Pipelines and Azure Machine Learning

In this article, learn about the machine learning pipelines you can build with the Azure Machine Learning SDK for Python and the advantages to using pipelines.

What are machine learning pipelines?

Using machine learning (ML) pipelines, data scientists, data engineers, and IT professionals can collaborate on the steps involved in:

  • Data preparation, such as normalizations and transformations
  • Model training
  • Model evaluation
  • Deployment

The following diagram shows an example pipeline:

Machine learning pipelines in Azure Machine Learning service

Why build pipelines with Azure Machine Learning?

The Azure Machine Learning SDK for Python can be used to create ML pipelines as well as to submit and track individual pipeline runs.

With pipelines, you can optimize your workflow with simplicity, speed, portability, and reuse. When building pipelines with Azure Machine Learning, you can focus on what you know best — machine learning — rather than infrastructure.

Using distinct steps makes it possible to rerun only the steps you need as you tweak and test your workflow. A step is a computational unit in the pipeline.

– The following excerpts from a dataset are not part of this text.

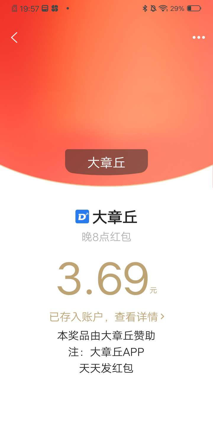 晚八点红包抢了一个3.69元算是最大的吧你抢了多少??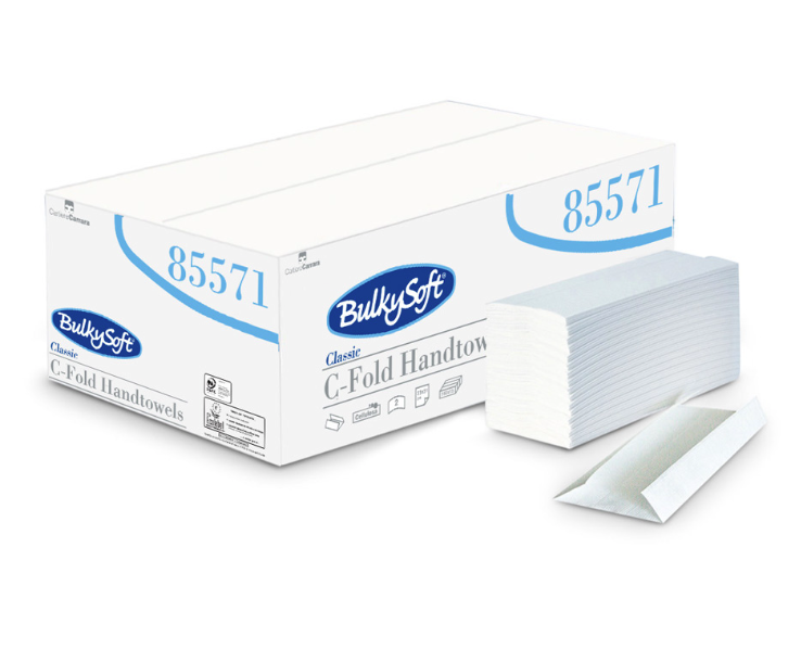 Pallet of Hand Towels, C-Fold, Bulkysoft, 2 Ply White - 2 Ply, embossed, White. Bulk supply for trade and high-traffic sites.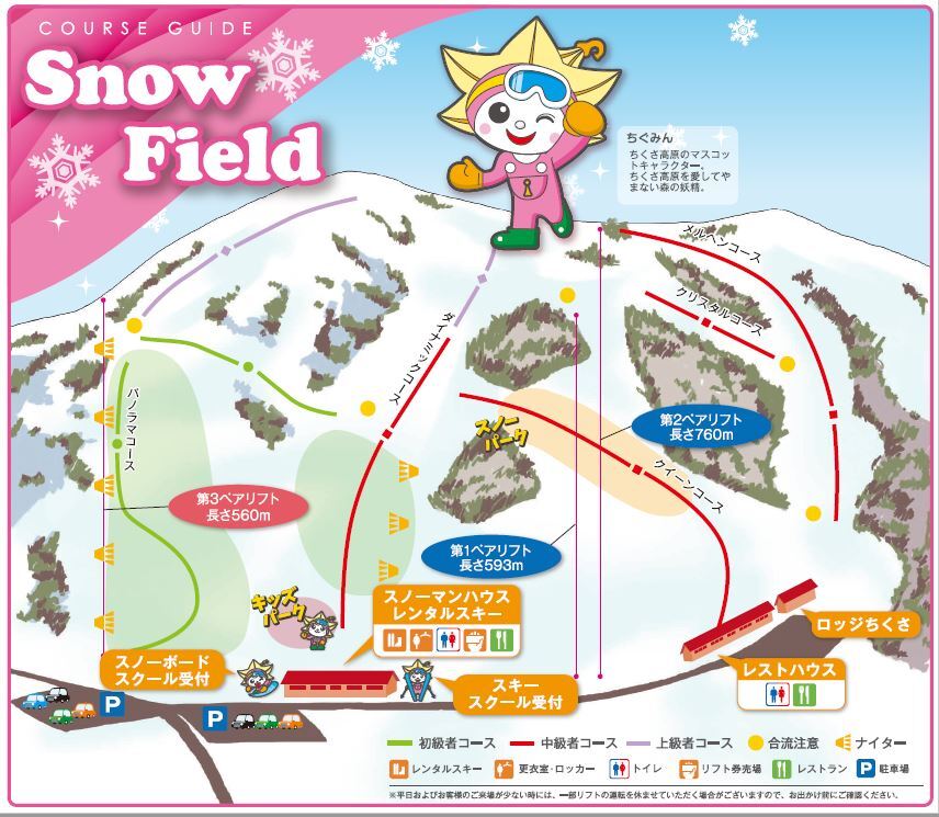 千種高原滑雪場備有人工造雪機,雪量不足時亦可照常營業(造雪機可能因氣溫而無法運作)。設有全景滑雪道、變化多端的滑雪道等,從初級者到高階者都能玩得盡興,還有能讓小朋友開心玩耍的兒童樂園。開放夜間滑雪,夜間營業至21:00或22:30。(具體時間請參考官網)

As shown in the diagram above, the task of preparing data may involve many steps including, but not limited to, normalization, transformation, validation, and featurization. Data sources and intermediate data are reused across the pipeline, which saves compute time and resources.

Once the pipeline is designed, there is often more fine-tuning around the training loop of the pipeline. When you rerun a pipeline, the run jumps to the steps that need to be rerun, such as an updated training script, and skips what hasn't changed. The same paradigm applies to unchanged scripts used for the execution of the step.

With Azure Machine Learning, you can use various toolkits and frameworks such as Microsoft Cognitive Toolkit or TensorFlow for each step in your pipeline. Azure coordinates between the various compute targets you use so that your intermediate data can be shared with the downstream compute targets easily.

You can track the metrics for your pipeline experiments directly in the Azure portal.

Key advantages

The key advantages to building pipelines for your machine learning workflows is:

Key advantage Description
Unattended runs Schedule a few steps to run in parallel or in sequence in a reliable and unattended manner. Since data prep and modeling can last days or weeks, you can now focus on other tasks while your pipeline is running.
Mixed and diverse compute Use multiple pipelines that are reliably coordinated across heterogeneous and scalable computes and storages. Individual pipeline steps can be run on different compute targets, such as HDInsight, GPU Data Science VMs, and Databricks, to make efficient use of available compute options.
Reusability Pipelines can be templatized for specific scenarios such as retraining and batch scoring. They can be triggered from external systems via simple REST calls.
Tracking and versioning Instead of manually tracking data and result paths as you iterate, use the pipelines SDK to explicitly name and version your data sources, inputs, and outputs as well as manage scripts and data separately for increased productivity.

The Python SDK for pipelines

Use Python to create your ML pipelines. The Azure Machine Learning SDK offers imperative constructs for sequencing and parallelizing the steps in your pipelines when no data dependency is present. You can interact with it in Jupyter notebooks or in another preferred IDE.

Using declarative data dependencies, you can optimize your tasks. The SDK includes a framework of pre-built modules for common tasks such as data transfer and model publishing. The framework can be extended to model your own conventions by implementing custom steps that are reusable across pipelines. Compute targets and storage resources can also be managed directly from the SDK.

Pipelines can be saved as templates and can be deployed to a REST endpoint so you can schedule batch-scoring or retraining jobs.

Check out the Python SDK reference docs for pipelines and the notebook in the next section to see how to build your own.

Example notebooks

The following notebook demonstrates pipelines with Azure Machine Learning: pipeline/pipeline-batch-scoring.ipynb.

Get this notebook:

  1. Azure Notebooks Import sample notebooks into Azure Notebooks. (Your organization may require administrator consent before you can sign in.)

  2. See the README in the imported library for further instructions to run the notebooks.